Working Effectively with Legacy Code

Legacy software is very hard to modify and extend, as it often relies on obsolete software and hardware, lacks testing, and may have no developers familiar with its complexities. This book gives us hope that we can use targeted, incremental unit testing and refactoring to turn legacy software into better tested, understood, and extensible software while implementing and delivering new functionality at the same time.

Prerequisites

What is CSE Legacy Code?

What is CSE Software Refactoring?

What is CSE Software Design?

What is CSE Software Testing?

How to Improve Testing for CSE Software

Published June 05, 2019

Contributor Roscoe A. Bartlett

Feathers, Michael, 2005, ISBN-13: 978-0131177055

If you've read Refactoring1 and felt a little uneasy about how this would apply to large, nasty software projects, then Working Effectively with Legacy Code2 is the book to read. Feathers mentions and reviews many of the object-oriented principles in Agile Software Development3 as well as other bits of information in other great books about software development.
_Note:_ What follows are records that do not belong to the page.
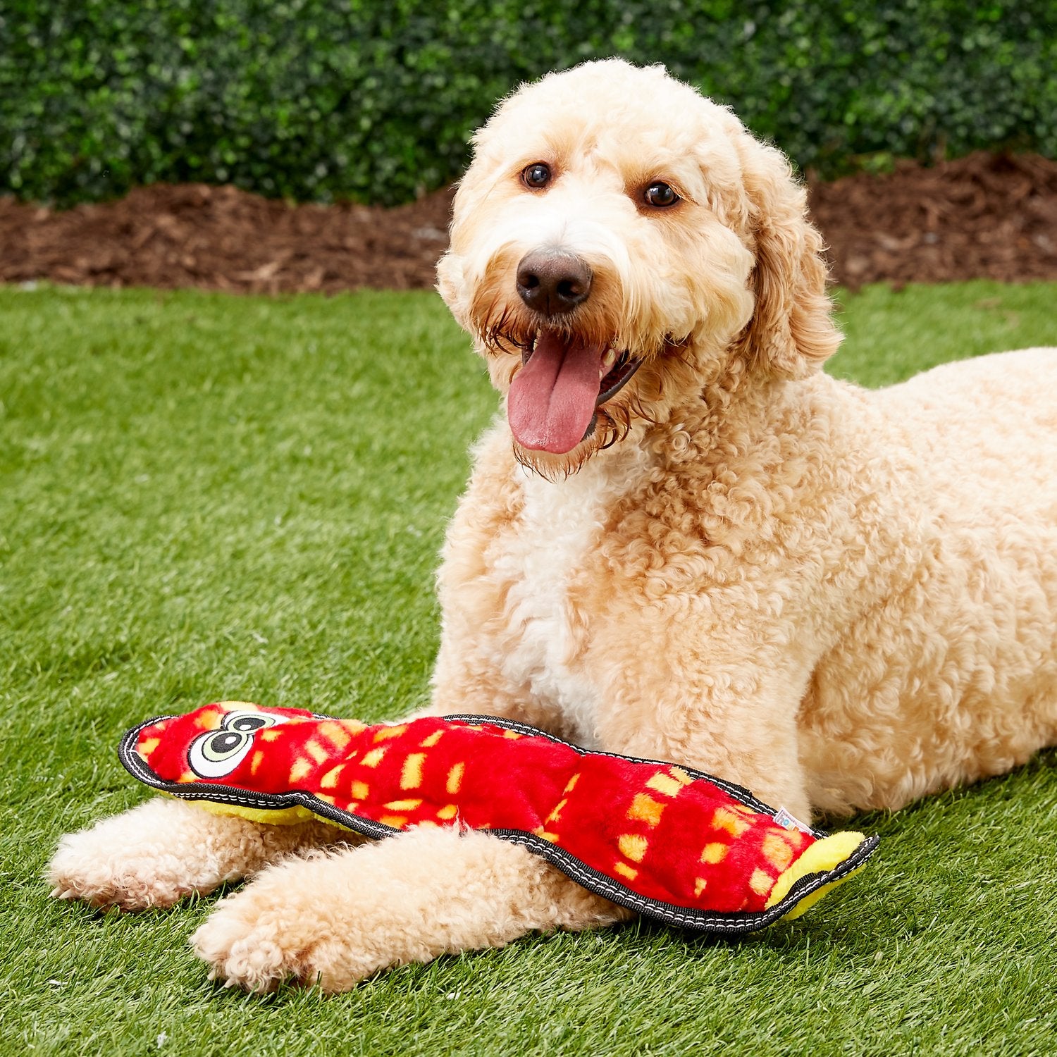 Get the toy that’s designed to play as hard as your dog does with the Outward Hound Tough Seamz Snake Dog Toy. Made with double layered and double stitched seams, this toy makes it extra tough for your dog to tear apart. And with Invincible Squeakers that keep on squeaking even if they get punctured, there’s no such thing as foul play. Plus, no stuffing means no mess if your dog somehow manages to break through, and the adorable snake design is perfect for tossing, snuggling or just having a good ol’ time.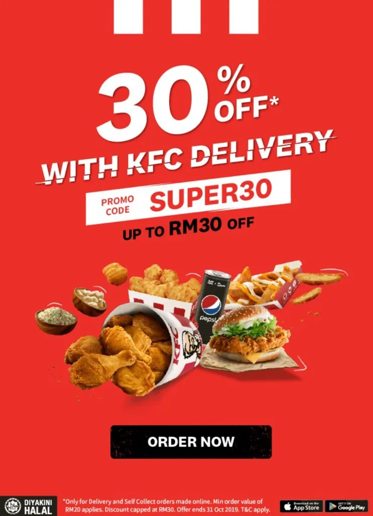 The discount will be capped at RM30 and will be available for delivery and self collect order made from the KFC app. A minimum order of RM20 is needed for the promo. Terms and condition apply.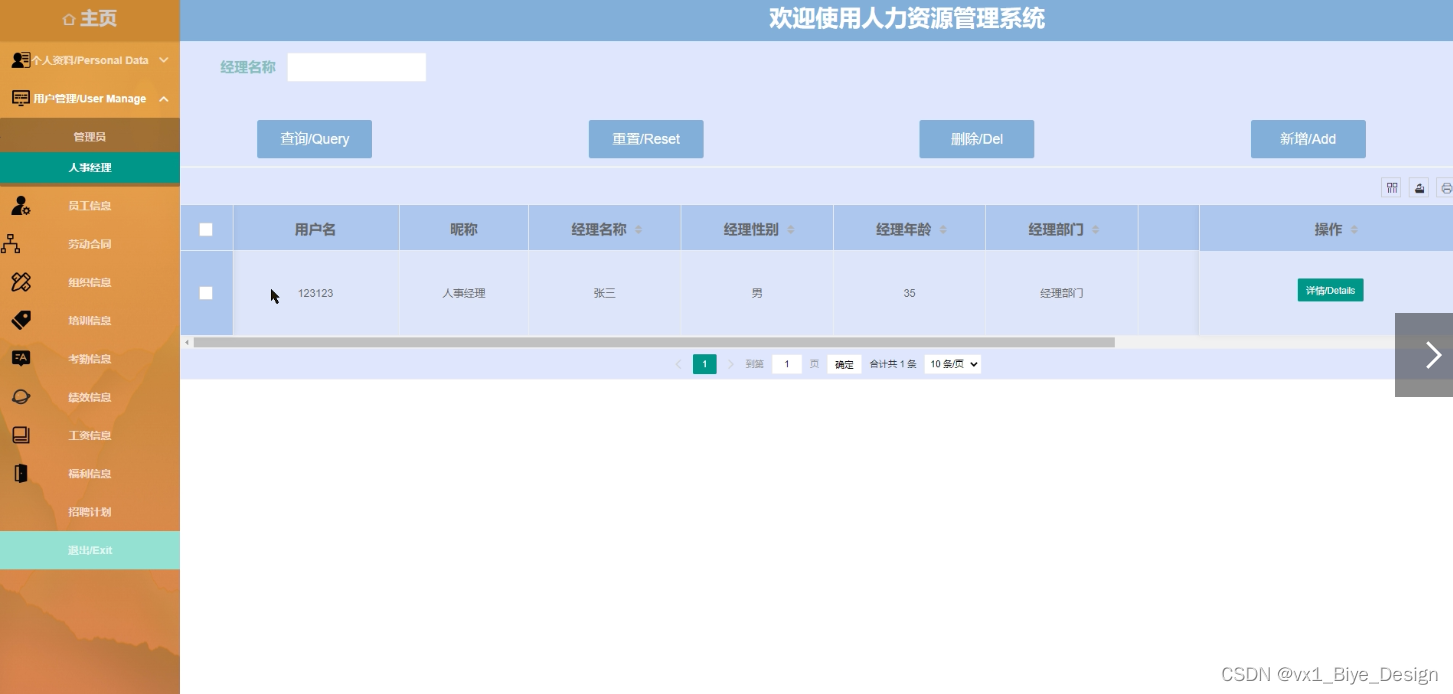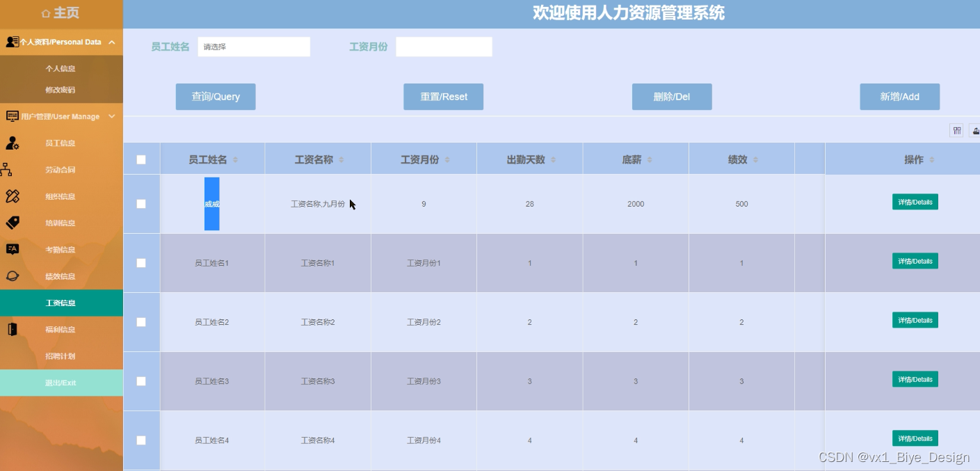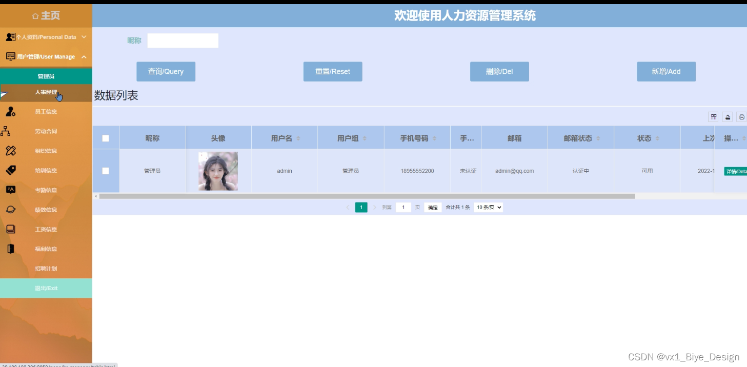 This design mainly realizes the human resource management system security scheme integrating the advantages of humanization, efficiency and convenience, and completes the functional modules such as home page, personal data, user management (administrator, personnel manager) employee information, labor contract, organization information, training information, attendance information, performance information, salary information, welfare information, recruitment plan, etc. The system communicates with the server through the browser to realize data interaction and change. The system improves work efficiency and reduces errors and omissions in data storage through scientific management and convenient services. The human resource management system security program uses Java language, uses Java technology based on MVVM mode for development, uses MyEclipse 2017 CI 10 compiler to write, and uses Microsoft's MySQL relational database as the data storage medium for data, and cooperates with the foreground HTML+CSS technology to complete the system development.

Working Effectively with Legacy Code is the logical culmination of Refactoring and Test Driven Development4 (TDD); it's where the rubber meets the road when combining unit testing and refactoring.

The definition of "Legacy Code" given in this book is simple but often shocking to the uninitiated:

Legacy Code == Code Without Tests

Feathers states:

Code without tests is bad code. It does not matter how well written it is; it doesn't matter how pretty or object-oriented or well-encapsulated it is. With tests, we can change the behavior of our code quickly and verifiably. Without them, we really don’t know if our code is getting better or worse.

He lists four reasons to change software:

  • Adding a feature
  • Fixing a bug
  • Improving the design (i.e., refactoring)
  • Optimizing resource usage

He argues that no matter what change is made to the code, we must always maintain other behavior that we do not intend to change. He states:

Behavior is the most important thing about software. It is what users depend on. Users like it when we add behavior (provided it is what they really wanted), but if we change or remove behavior they depend on (introduce bugs), they stop trusting us.

The main contribution of this book is the Legacy Code Change Algorithm:

  1. Identify the targeted legacy code:
    • Identify change points for the target change or new code addition.
    • Find test points where the behavior of the code can be sensed.
  2. Get targeted legacy code into test harness and cover with tests:
    • Break dependencies (very carefully and often without sufficient tests) and get the targeted legacy code into a test harness.
    • Cover targeted legacy code with (characterization) unit tests.
  3. Add new functionality with new tests (usually following the Test Driven Development (TDD) process).
  4. Refactor tested code to remove duplication, clean up, etc.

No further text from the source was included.